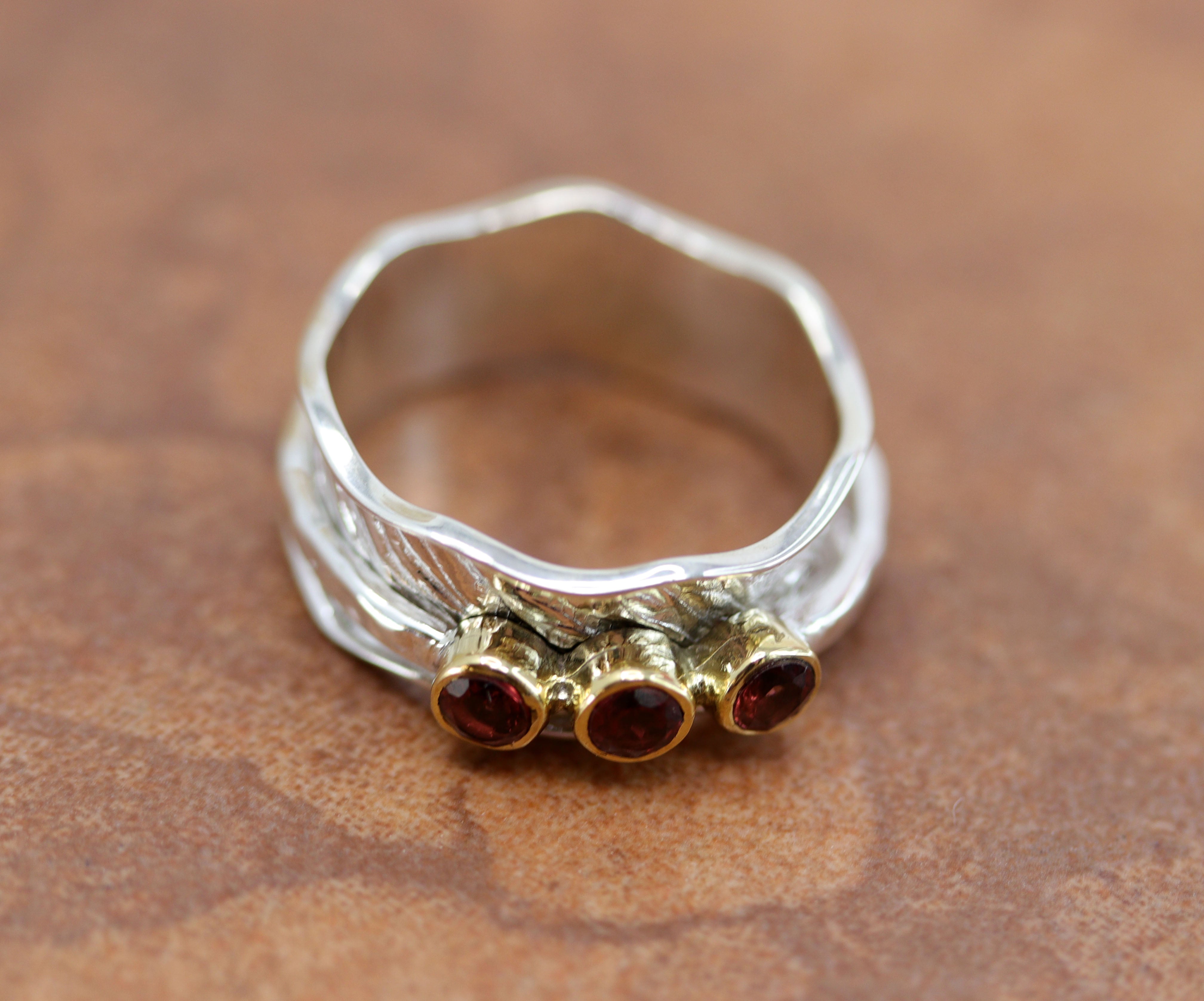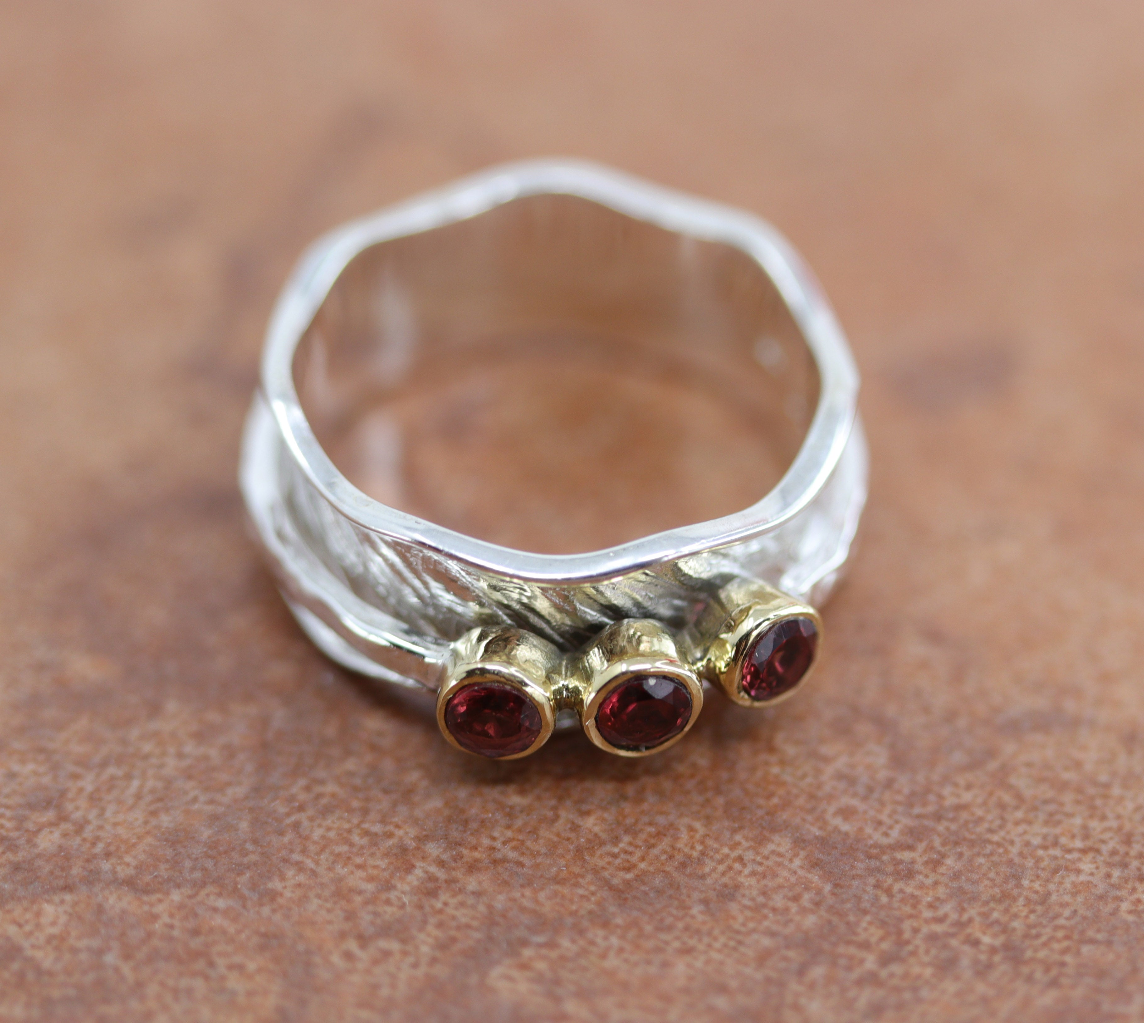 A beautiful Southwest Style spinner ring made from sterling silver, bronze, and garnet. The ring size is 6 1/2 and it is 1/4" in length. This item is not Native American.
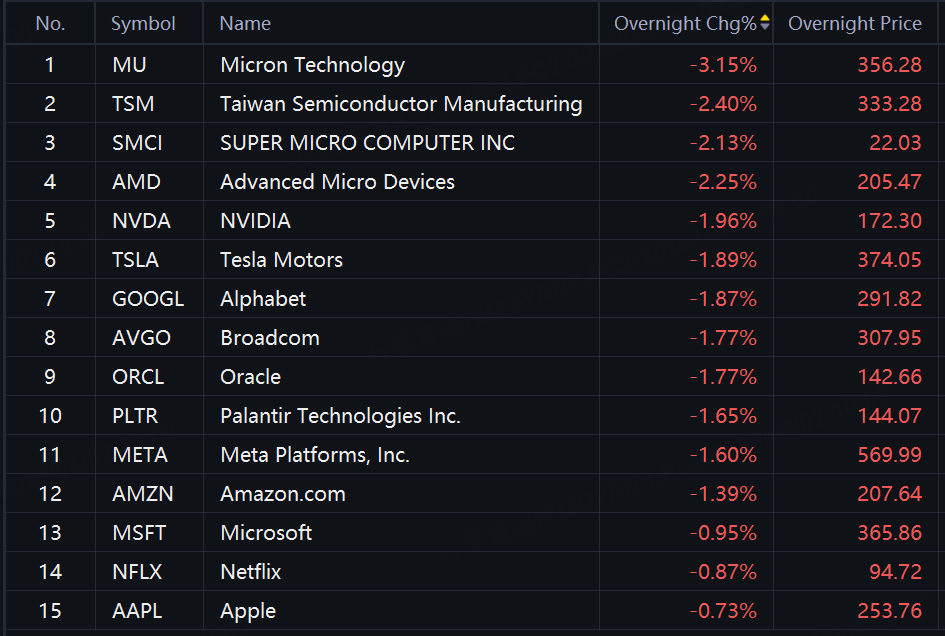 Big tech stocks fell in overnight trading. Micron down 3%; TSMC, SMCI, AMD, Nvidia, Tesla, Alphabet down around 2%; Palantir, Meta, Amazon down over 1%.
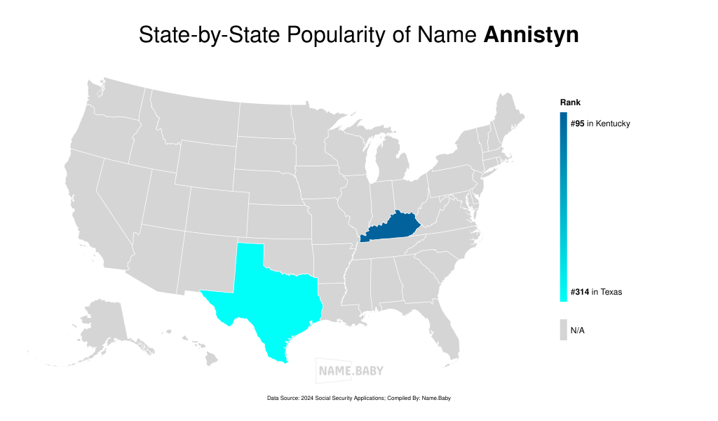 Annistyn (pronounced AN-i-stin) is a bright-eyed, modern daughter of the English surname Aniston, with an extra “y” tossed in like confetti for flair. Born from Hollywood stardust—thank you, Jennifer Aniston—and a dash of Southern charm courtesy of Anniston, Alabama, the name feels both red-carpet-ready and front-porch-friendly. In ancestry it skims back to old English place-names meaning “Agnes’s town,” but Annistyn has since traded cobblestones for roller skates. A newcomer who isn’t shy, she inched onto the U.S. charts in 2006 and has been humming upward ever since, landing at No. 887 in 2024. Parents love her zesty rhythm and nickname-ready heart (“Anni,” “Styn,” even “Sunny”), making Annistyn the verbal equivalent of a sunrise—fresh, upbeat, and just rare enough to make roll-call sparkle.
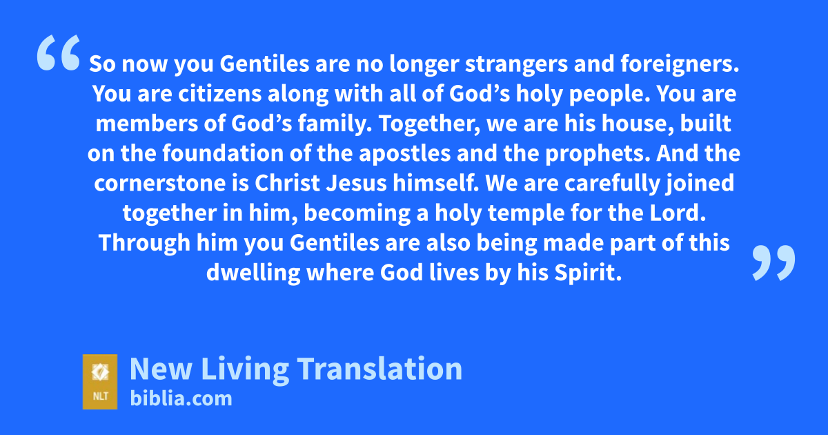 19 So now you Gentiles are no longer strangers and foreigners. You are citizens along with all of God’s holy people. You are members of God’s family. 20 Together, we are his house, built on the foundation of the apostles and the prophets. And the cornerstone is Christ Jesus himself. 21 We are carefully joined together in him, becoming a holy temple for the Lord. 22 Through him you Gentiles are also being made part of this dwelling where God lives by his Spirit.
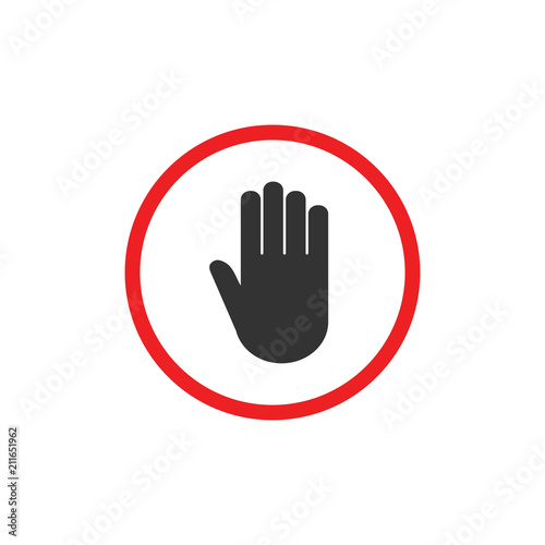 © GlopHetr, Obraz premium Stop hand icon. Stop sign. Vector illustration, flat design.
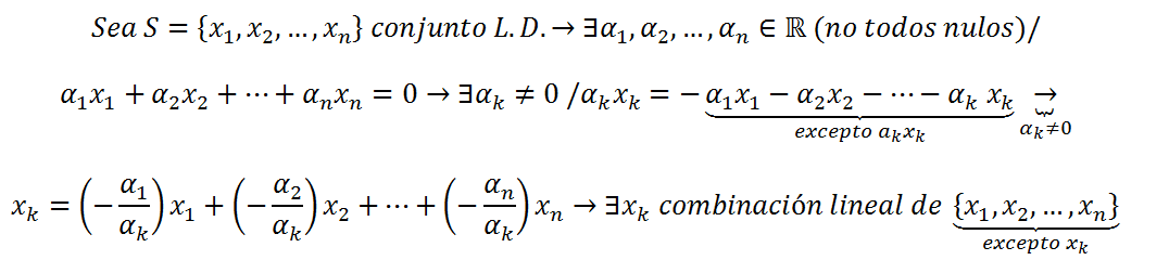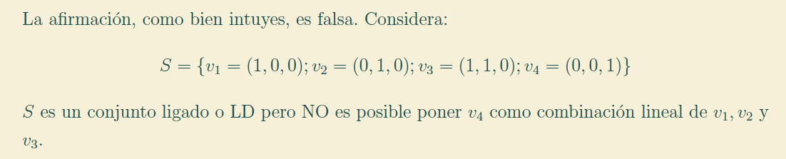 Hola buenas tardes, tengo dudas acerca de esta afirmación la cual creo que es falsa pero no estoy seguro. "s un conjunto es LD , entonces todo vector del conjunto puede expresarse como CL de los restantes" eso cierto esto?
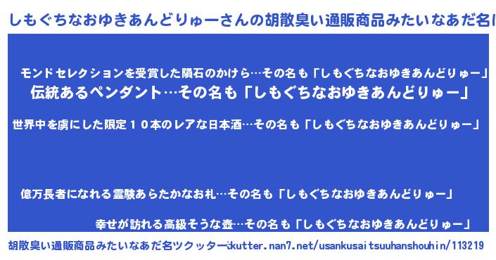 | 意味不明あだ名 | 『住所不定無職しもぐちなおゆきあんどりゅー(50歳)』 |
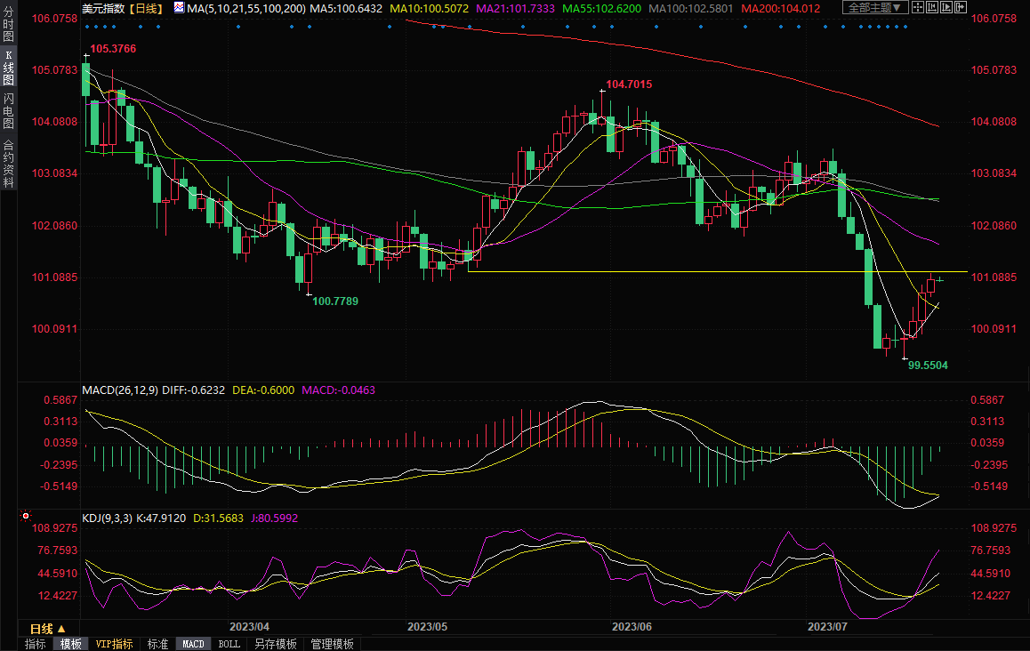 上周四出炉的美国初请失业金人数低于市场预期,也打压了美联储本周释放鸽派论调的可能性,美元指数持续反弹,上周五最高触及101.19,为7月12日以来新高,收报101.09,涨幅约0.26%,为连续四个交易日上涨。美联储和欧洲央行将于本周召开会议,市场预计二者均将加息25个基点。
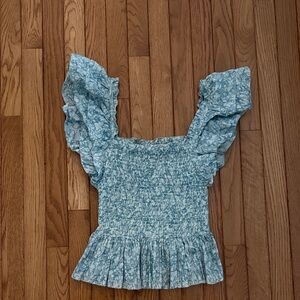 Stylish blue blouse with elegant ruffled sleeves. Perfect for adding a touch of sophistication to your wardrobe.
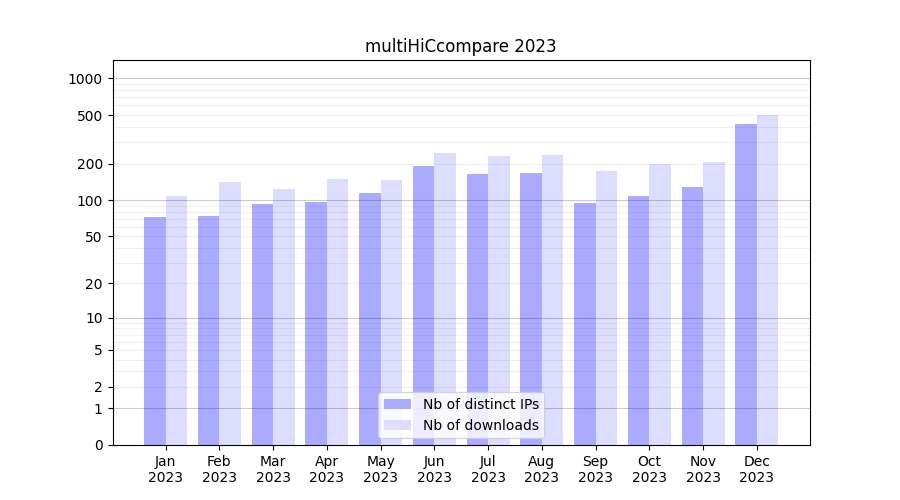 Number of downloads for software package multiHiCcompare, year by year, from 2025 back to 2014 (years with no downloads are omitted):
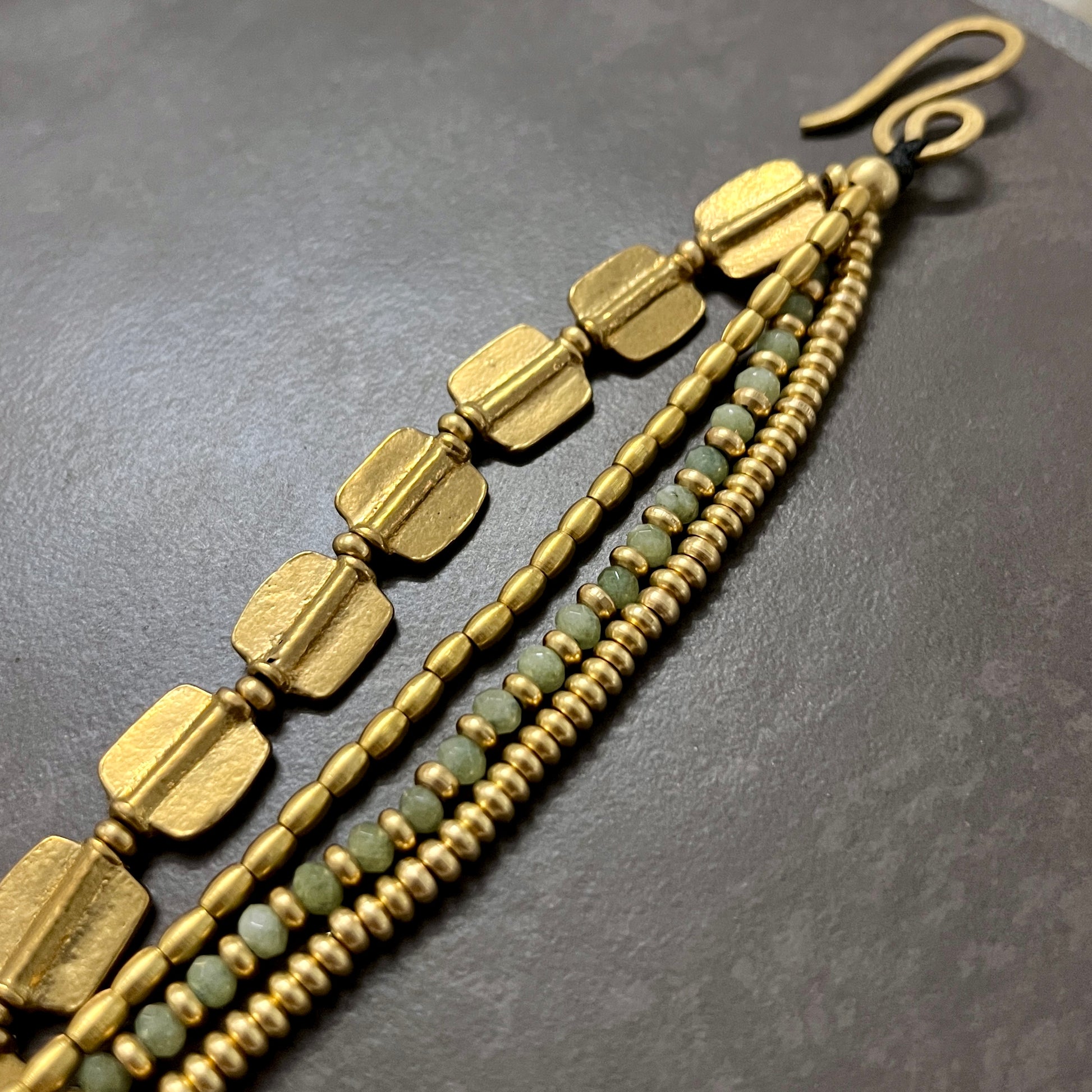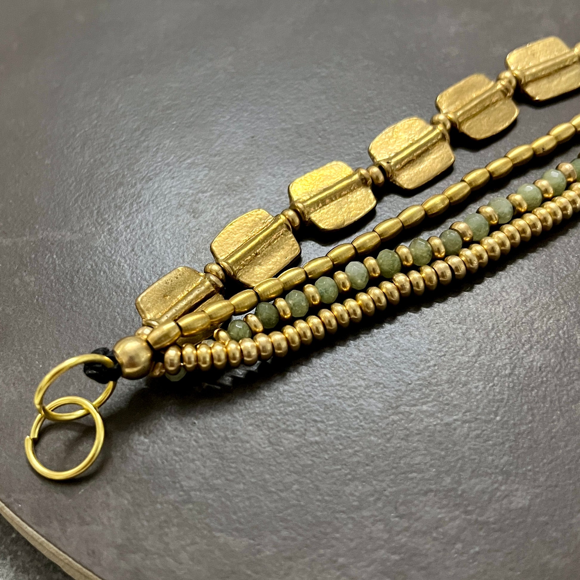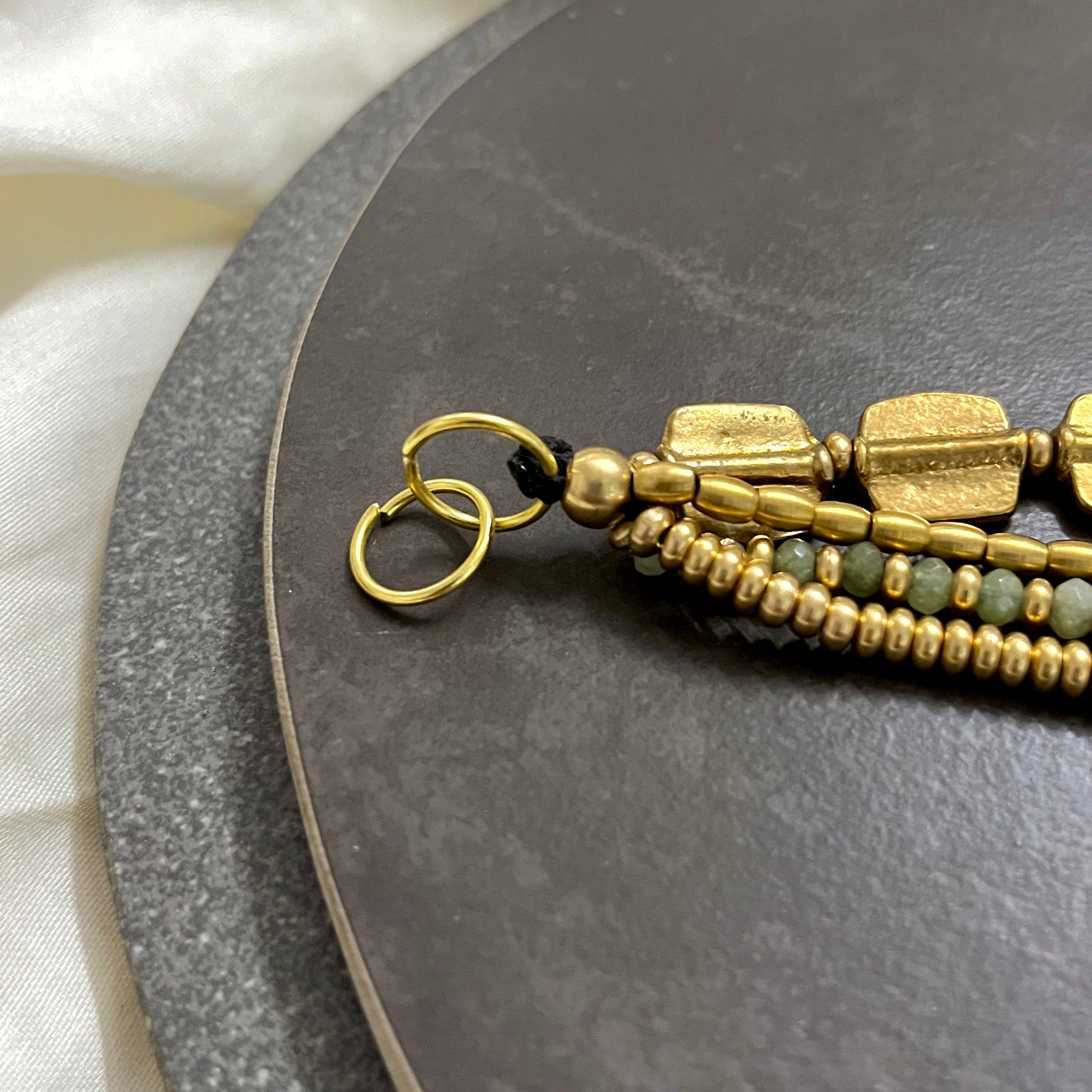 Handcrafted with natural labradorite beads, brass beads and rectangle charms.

· · · · · · ·

§ **Task to carry out**
In the copy, include each line from the start of the material through the line with "Annistyn (pronounced AN-i-stin)", word for word, but none of the pictures.

§ **Answer to the exercise**
 A beautiful Southwest Style spinner ring made from sterling silver, bronze, and garnet. The ring size is 6 1/2 and it is 1/4" in length. This item is not Native American.
 Big tech stocks fell in overnight trading. Micron down 3%; TSMC, SMCI, AMD, Nvidia, Tesla, Alphabet down around 2%; Palantir, Meta, Amazon down over 1%.
 Annistyn (pronounced AN-i-stin) is a bright-eyed, modern daughter of the English surname Aniston, with an extra “y” tossed in like confetti for flair. Born from Hollywood stardust—thank you, Jennifer Aniston—and a dash of Southern charm courtesy of Anniston, Alabama, the name feels both red-carpet-ready and front-porch-friendly. In ancestry it skims back to old English place-names meaning “Agnes’s town,” but Annistyn has since traded cobblestones for roller skates. A newcomer who isn’t shy, she inched onto the U.S. charts in 2006 and has been humming upward ever since, landing at No. 887 in 2024. Parents love her zesty rhythm and nickname-ready heart (“Anni,” “Styn,” even “Sunny”), making Annistyn the verbal equivalent of a sunrise—fresh, upbeat, and just rare enough to make roll-call sparkle.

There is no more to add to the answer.